All of the puppies were adorable but unfortunately we can only have so many winners. Without further ado, we have in first place, Chowder's picture of baby Rocky:










And our runners up are Mateo, Sako, and Kai:


----------



## Ania's Mommy (Feb 8, 2009)

Adorable! Can't wait to get for the calendar! 

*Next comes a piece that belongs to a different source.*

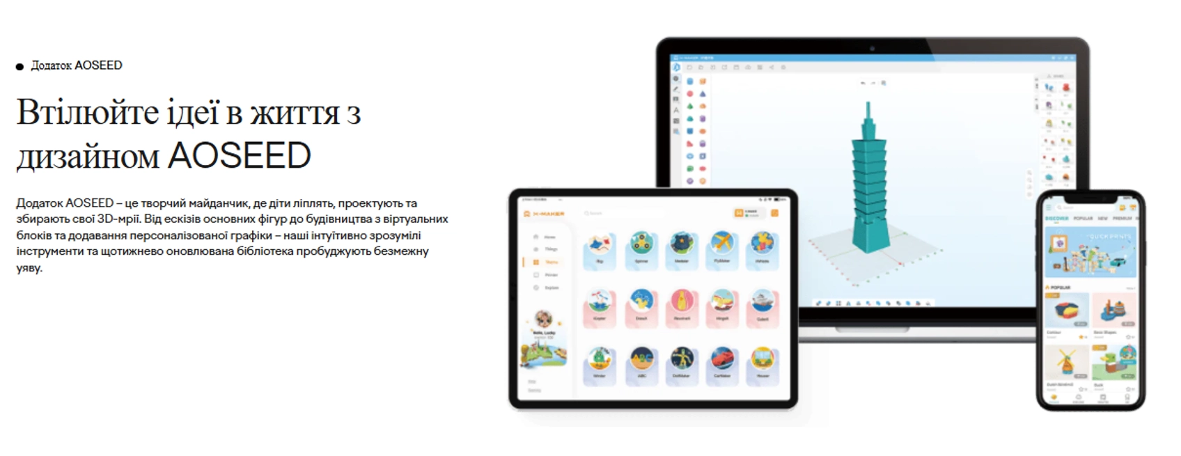 Тематичні додатки для дизайну включать гейміфікацію, забезпечуючи захопливий результат. Надруковані на 3D-принтері власні іграшки розширюють варіанти ігор.

Thanks to the mods who've been working their fingers off on this. I know how much work it is to post pictures here. Can't even imagine how much work you guys have had to do for this each month. Making polls, posting numerous threads with lots and lots of pics, tallying the votes, not to mention all of the behind the scenes work you all have done. Makes my head spin, it does! So, THANK YOU!!!


----------



## chowder (Sep 7, 2008)

Thanks everyone! It's my favorite picture of the baby, the day I brought him home and we 'rescued' each other. :biggrin:


----------



## Janet At Nutro (Mar 11, 2011)

Congratulations to the winners!
The puppy pictures are all so adorable!


----------



## lovemydogsalways (Mar 4, 2012)

Congrats to you all! The pictures were all so cute and beautiful!


----------



## DandD (Jan 4, 2012)

I had to check out who won, the puppies were all so cute!!! I'm happy to see that all of the winners were some of my favorite ones!!! Congrats to all of you!


----------